Are you in the GAP (guaranteed acceptance period)? The easiest time to qualify for Medigap coverage is right around 65 – specifically, the window of time starting three months before and ending six months after your 65th birthday. This is the “guaranteed acceptance” period, in which anybody with Medicare can get into a Medigap plan. Outside of this window of time, you need to be reasonably healthy to get Medigap coverage.

In most states, there are 12 Medigap plans offered - Medigap A through L. Plans A through J are the “traditional” plans; K and L are high-deductible plans and far less popular.

The A-J plans all offer you the same set of core benefits: 20% coinsurance after you pass the $135 Part B deductible, all Part A Hospital coinsurance for hospital stays between 61-150 days, 3 pints of blood (Parts A & B), and 365 more lifetime hospital days. While these basic benefits stay the same among Medigap plans offered through different companies, premiums differ quite a bit among insurance providers.


Medicare Advantage plans.
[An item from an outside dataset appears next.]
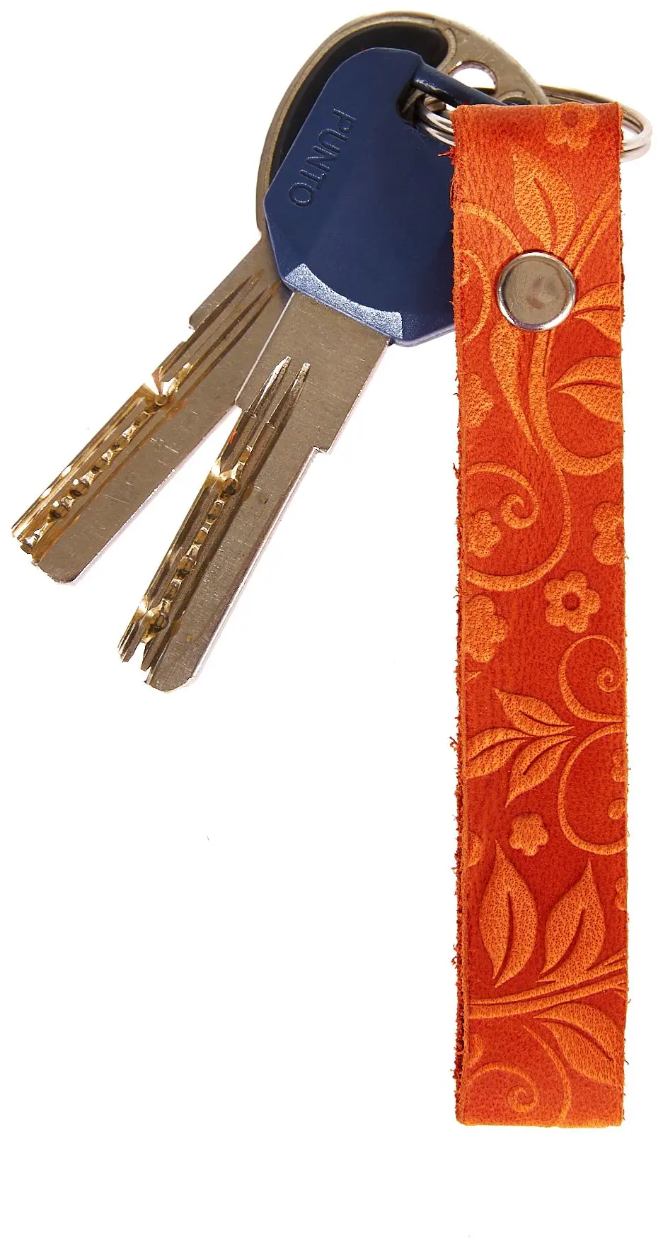 Брелок для ключей из натуральной кожи, рыжий, тиснение по коже конгрев "Флаверс"

These private insurance plans are also called Part C plans, and they exist in different varieties - HMOs, PPOs, PFFSs (Private Fee-for-Service Plans), and MSAs (Medicare Savings Accounts). Plan members pay a percentage of the costs for medical services they receive, which means relatively low premiums.


By law, all Medicare Advantage plans are at least as wide-ranging as original Medicare, and many also provide coverage for drug costs. Most of these plans cap member payments at a certain level annually.


Unfortunately, federal government subsidies on MA plans will shrink by as much as 5% in 2010, which will likely mean higher premiums and/or fewer benefits.


Read the fine print and shop around. Medigap coverage is not all the same, so be sure to compare and contrast Medigap plans with the input of an experienced insurance professional who understands the medical and lifestyle issues common to mature Americans.